Вдруг Олег Александрович ощутил мощный под ногами толчок, но удержался на ногах. Машинально он глянул в сторону университета и едва не лишился чувств: гордое, увенчанное величественным шпилем многоэтажное здание главного корпуса рассыпалось на глазах, будто карточный домик.
«Будто сооружение из кубиков», — отвлеченно, спасая сознание от сдвига, подумал профессор, вспомнив, как разрушает им же воздвигнутые домики его младший внук Данилка.
Рядом с тротуаром зазмеилась трещина: асфальт будто разрезали невидимым гигантским ножом. Трос, натянутый между двумя фонарными, теперь наклонившимися в разные стороны столбами, на перекрестке, лопнул, и висевший на тросе светофор угодил прямо на крышу застопорившего мерседеса.
«Так его, немчуру! — со странной веселостью подумал профессор и, справедливо решив, что надо держаться подальше от ненадежных стен окружающих зданий, перепрыгнул через метровую уже трещину у тротуара, выбрался на проезжую часть улицы, она превратилась в самое безопасное место, ибо каждый водитель инстинктивно тормозил и ставил автомобиль к обочине.
И тогда, забыв о стенокардии, ишемической болезни и повышенном артериальном давлении, профессор гражданского права неловкой трусцой заплюхал по широкой мостовой, ведущей к университету.
Олег Финько бежал к лежащей в развалинах alma mater.
По данным экспертов Совета Зодчих Мира, после первого удара, нанесенного сейсмическим оружием по Москве, время удара — девять ноль пять, было выведено из строя метро, уничтожена энергосистема города, прерваны подземные коммуникации, разорваны ниткигазопровода, выведены из строя насосные установки, разрушена половина жилых и административных зданий.
Марксизм будет идти рука об руку с демократией до того момента, пока ему всеми правдами и неправдами удастся сверх всего прочего добиться еще фактической поддержки его планов со стороны тех кругов национальной интеллигенции, которые он как раз и хочет истребить.
Но если бы марксисты сегодня же пришли к убеждению, что в котле нашей современной парламентской демократии каким-то образом выкристаллизовалось большинство, имеющее намерение воспользоваться собственными законными правами большинства против марксизма, то вы можете быть уверены, что всей парламентской комедии тут же моментально был бы положен конец.
В пять минут десятого утра, в момент первого подземного толчка, машинист электровоза Московского метрополитена, сорокалетний Иван Андреевич Кислов вел пассажирский состав на перегоне Баррикадная — Площадь Пушкина.

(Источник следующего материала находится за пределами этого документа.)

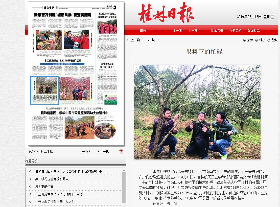 新闻链接:http://epaper.guilinlife.com/glrb/html/2019-03/13/content_1719821.htm?div=-1 年后连续的雨水天气延迟了我市春季农业生产的进度。近日天气好转,农户们纷纷赶进度忙生产。3月11日,桂林航天工业...
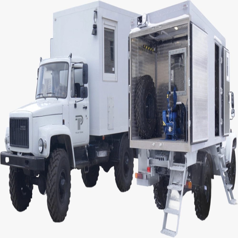 The device is installed on the chassis of various vehicles, it includes a winch with a control and control post, winch transmission, as well as a replacement control mechanism for the clutch and the rotation frequency of the car engine. Vertical cages for transporting research devices and instruments, a locksmith's bench with a vise, a wardrobe for working clothes and a heater are installed on the chassis of the car. In addition to the operator's seat, a small desk for registration is attached to the wall of the bathroom. On the wall of the bath (on the left on the way), a passage with a heating device is provided for the exit of the working wire.

Внезапно погасли мощные фары локомотива, разрезавшие темень подземного туннеля. Машинист попросту не успел вздрогнуть от страха, подумал о том, что вот-вот произойдет переключение на запасную систему, она предусмотрена правилами эксплуатации метрополитена, до изумительности надежного вида транспорта, особенно в Москве, где строил метро Железный Нарком, известный в миру как Лазарь Каганович, но тут же ощутил, как тряхнуло кабину.
Иван Андреевич не знал, что искривившийся рельс бросил его мчащийся вагон вправо, на соседний путь, по которому мчался навстречу товарищ по локомотивному депо, его ученик, недавно состоявший при нем в помощниках Коля Хайдаров, правнук московского дворника, пришедшего в столицу на заработки с волжского побережья.